As a rabbi and spiritual mentor, it pains me greatly to see the current behavior and large divide and polarization of this magnificent country. What went wrong? And as a nation, where do we go from here? As I so often say, when there is an issue we must go back and revisit the roots. We must delve into our past, our foundations, in order to see the right way forward.
Since its founding in 1776, the timeless and noble foundation of the United States of America is the principle of E Pluribus Unum, from the many, one.
This nation is the first ever in history to be built on the universal principles that all men and women are created equal and endowed with inalienable rights, which include freedom of religion, speech, press, assembly, and petition, even if it’s a minority opinion. At the same time, what makes the country so unique is the balance between personal freedoms and the greater good. As diverse (pluribus) as we may be, we are also united as one (unum). Despite our individual viewpoints, we come together as one unified nation.
This challenging balance is upheld by our system of justice, ruled by law and order, in which everyone has a right to turn to for recourse. This is the only way to resolve a difference of opinions in a civil way, keeping intact and respecting the integrity of every individual while preserving the good of the whole. This fundamental respect for individual rights while standing united, includes how presidential elections are won, lost, and the appropriate way to express one’s grievance using the legal channels and the court of law. Therefore, while everyone has a right to peaceful protest, it is reckless behavior, whether coming from Republicans or Democrats, to attempt creating change outside of the established systems and legal infrastructure of our country. This undermines faith in our system and the institutions we ourselves put into place to govern us.
These kinds of decisions should not, and cannot be made in the streets but rather through the proper channels and courts of law.As far as the current demonstrations in Washington DC, the country held a presidential election, with President Biden coming out the winner. If anyone wishes to challenge that they need to turn to the courts — not to the masses, nor the media, nor social media — and present their evidence, allowing the impartial justice system to determine the issue on the merits.

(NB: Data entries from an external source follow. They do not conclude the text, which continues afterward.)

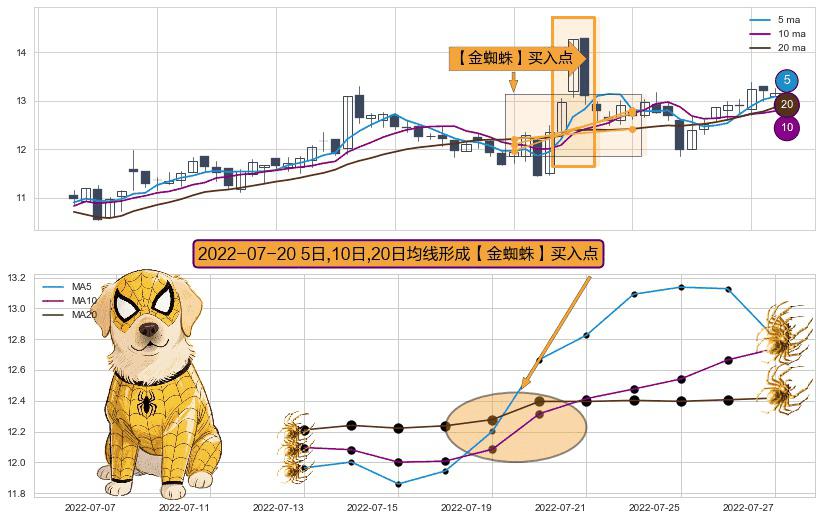 ⚀ 2022-07-20日显现 5日-10日-20日均线 【金蜘蛛】买入点 看多信号,后市看涨,买入
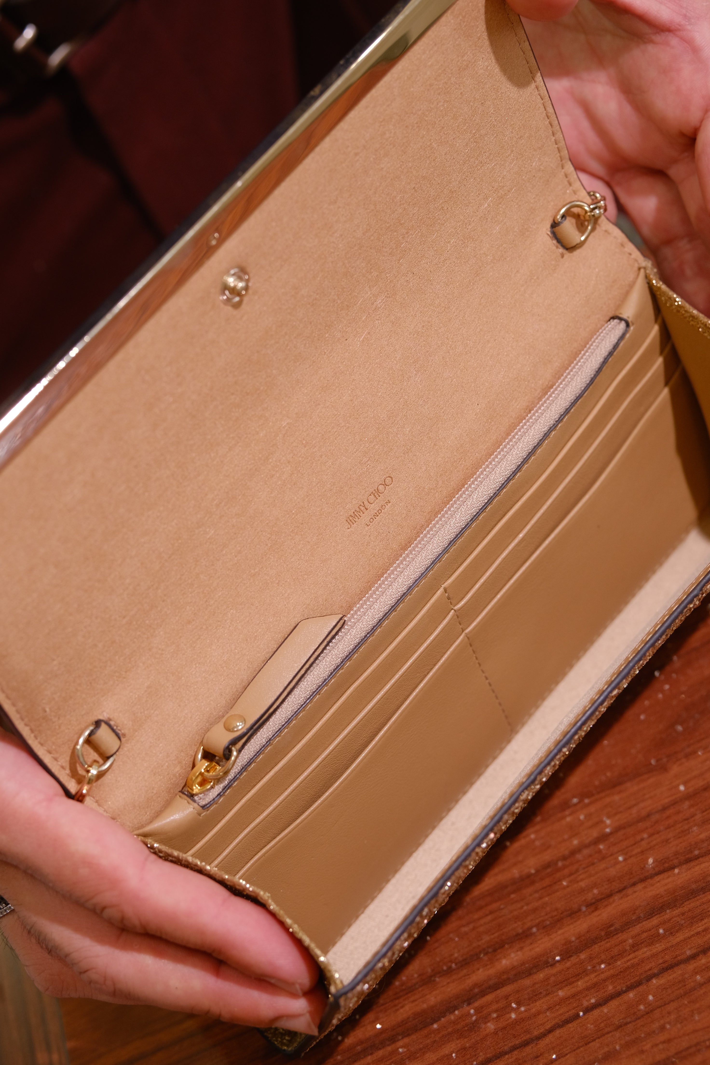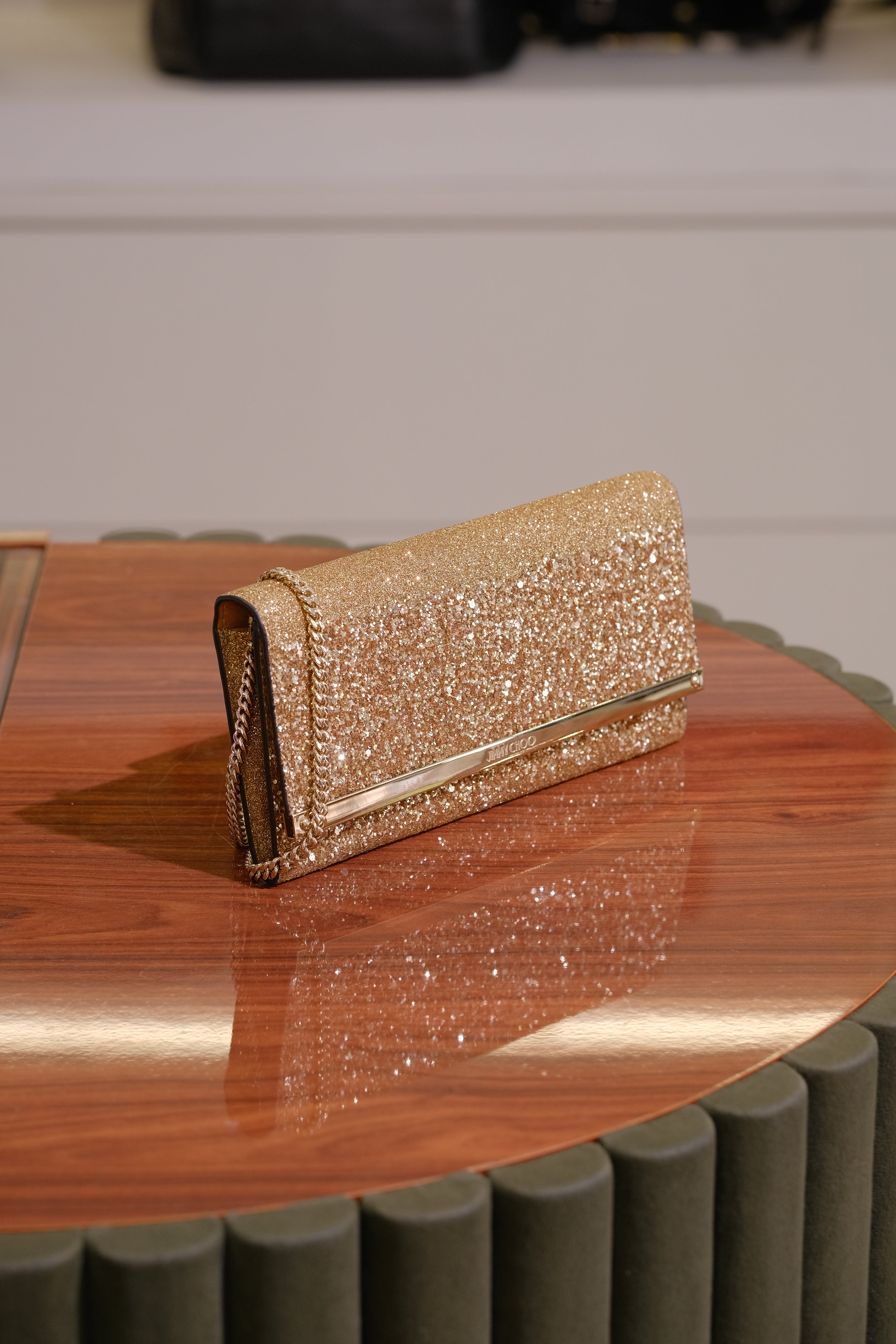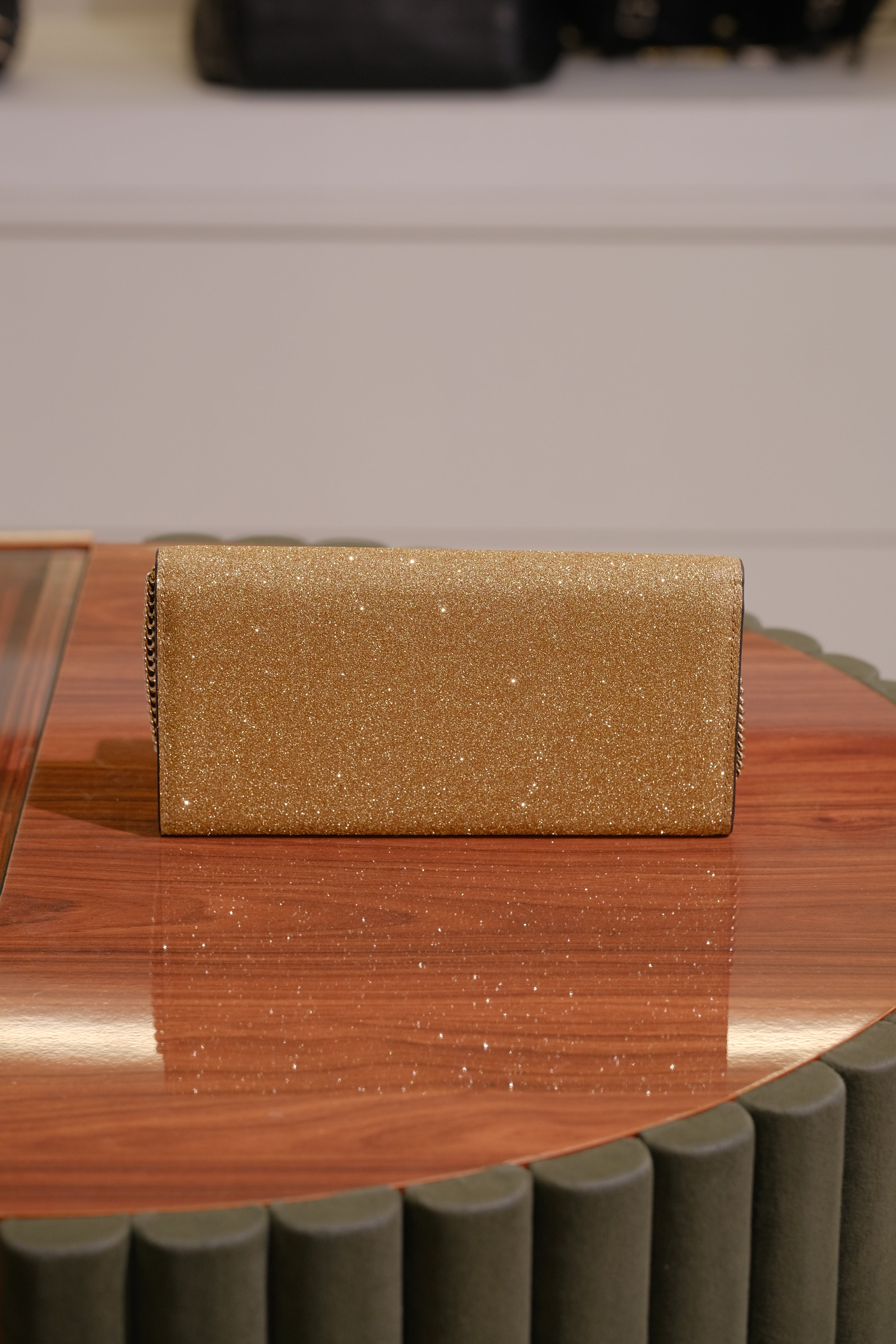 Clutch Jimmy Choo Milla, em couro com textura de brilho na cor dourado, compartimento único com porta cartões e bolso fechado por zíper, alça longa em corrente, ferragem em dourado e aba frontal com fecho em botão de pressão.
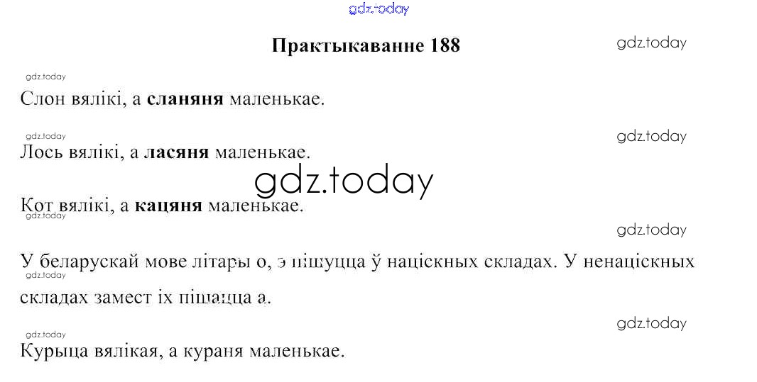 На страницах сайта gdz.today вы найдете учебный и вспомогательный материал, направленный на улучшения знаний школьной программы. ГДЗ - онлайн мир знаний Рашальнік да часткі 1. Практыкаванні 188 Учебнику по Белорусскому языку для 2 класса Свірыдзенка Национальный институт образования 2016
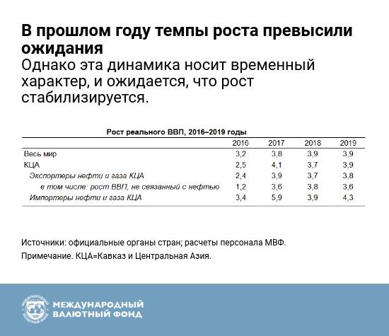 Согласно последнему прогнозу МВФ по региону Кавказа и Центральной Азии (КЦА), темпы роста превзошли ожидания в 2017 году, но в перспективе будут снижаться.
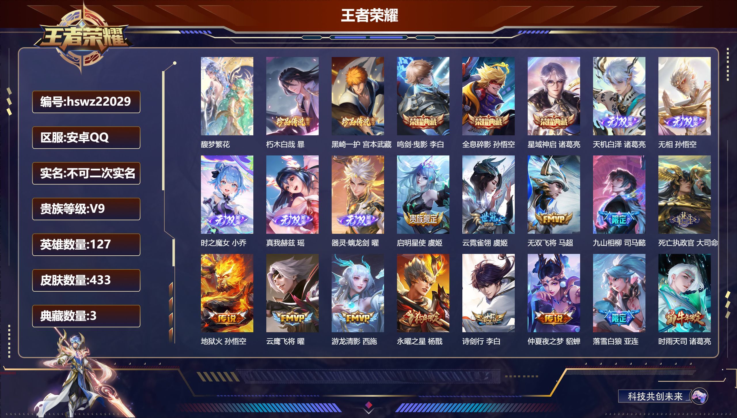 安卓QQ/永恒钻石/433皮肤/127英雄/3典藏/1珍品无双/5无双/2珍品传说/35传说/126

This rule applies across the board and across both aisles. Just as those who were upset with the 2016 election of Donald Trump, could not simply rely on hearsay and conspiracy theories of Russian collusion, but required real and objective evidence, the same is now. The only way to challenge an election is not through unsubstantiated assertions, but by turning to the courts, and accepting the outcome whether you like it or not.
The success of this country depends on us all supporting these founding principles, acknowledging that we can express ourselves and our opinions while not undermining the legal system and structure. That is a dangerous road to tread.
As a rabbi and spiritual mentor, I call on all people, regardless of background, religion, race or political persuasion to use this upheaval as a wake up call. Let us all declare that we are all created equal, that E Pluribus Unum. Despite our differences, let us connect and unite like never before.
Let us remember that we are all the children of God and respect each other’s differences while appreciating that we are all part of one union.
Let us do everything in our power to not be part of the problem, but part of the solution. Reach out to your neighbor, to a stranger, extend a loving hand. Listen and respectfully agree to disagree if you have differing thoughts. We are all on the same team, we all want a prosperous, safe, progressive country where we can live in peace and harmony.
Together let us use this unprecedented time to create a pandemic of goodness, kindness and unity. The future is in our hands. How will we react?